主量子数\(n\)(a) 方位量子数\(l\)(b) 磁気量子数\(m\)(c)スピン量子数\(m_s\)
電子1100\(\frac{1}{2}\)
電子2100\(-\frac{1}{2}\)
電子3200\(\frac{1}{2}\)
電子4200\(-\frac{1}{2}\)
電子521-1\(\frac{1}{2}\)
電子6210\(\frac{1}{2}\)

※主量子数は,原子核からの距離
※\(s軌道(l=0),p軌道(l=1),d軌道(l=2)\)
※\(|m| \leq l\)

電子物性問題3

「フェルミレベル」と「バンド構造」をキーワードに用いて,導体(金属)と半導体の違いを説明せよ。

電子物性問題3解答

 

導体のバンド構造はフェルミレベルが伝導帯に存在するため,原子核にトラップされた電子でも自由に動き回れるが,半導体のバンド構造はフェルミレベルが価電子帯と伝導帯の間にあるので,原子核にトラップされた電子は自由に動き回れない。

電子物性問題4

陽子の周りを反転する電子(水素原子モデル)において,ボーアの仮説を適用し,主量子数\(n\)で離散化された電子の(a)軌道半径\(r\),(b)運動エネルギー\(K\),(c)全エネルギー\(E\)を求めよ。

電子物性問題4解答

電子の遠心力とクーロン力の釣り合いより,

\(m\frac{v^2}{r}=\frac{e^2}{4\pi \varepsilon_0 r^2}\)

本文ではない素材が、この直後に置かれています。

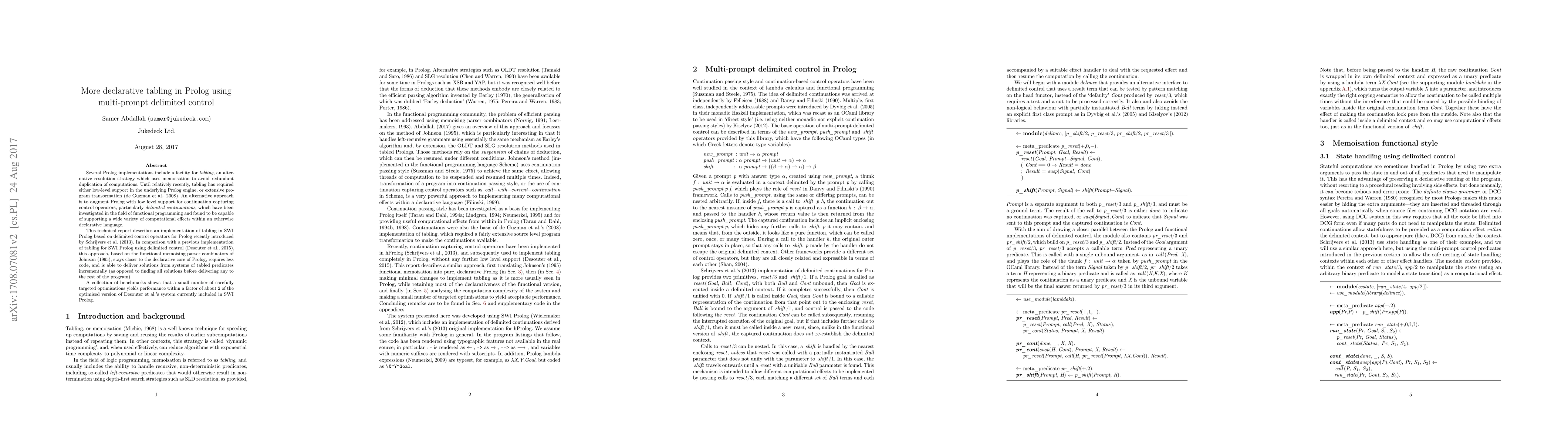 This paper presents an improved implementation of tabling in SWI Prolog using multi-prompt delimited control operators, which adheres more closely to Prolog's declarative nature and requires less code than previous methods. Performance benchmarks indicate it operates within a factor of two of the optimized prior implementation.

\((mvr)^2=\frac{m e^2}{4\pi \varepsilon_0}r\)

ボーアの量子仮説\((mvr=n \hbar)\)より,

\( n^2 \hbar^2=\frac{m e^2}{4\pi \varepsilon_0}r \)

よって,軌道半径\(r\)は,

\(r=\frac{4\pi \varepsilon_0 \hbar^2}{me^2}n^2\)

運動エネルギー\(K\)について,

\(K=\frac{1}{2}mv^2=\frac{1}{2m}(mv)^2\)

\(K=\frac{1}{2m}(\frac{n \hbar}{r})^2=\frac{1}{2m}(\frac{m e^2}{4\pi \varepsilon_0 n \hbar})^2\)

\(K=\frac{1}{2m}(\frac{m e^2}{2\varepsilon_0 n h})^2=\frac{m e^4}{8\varepsilon_0^2 h^2}・\frac{1}{n^2}\)[J]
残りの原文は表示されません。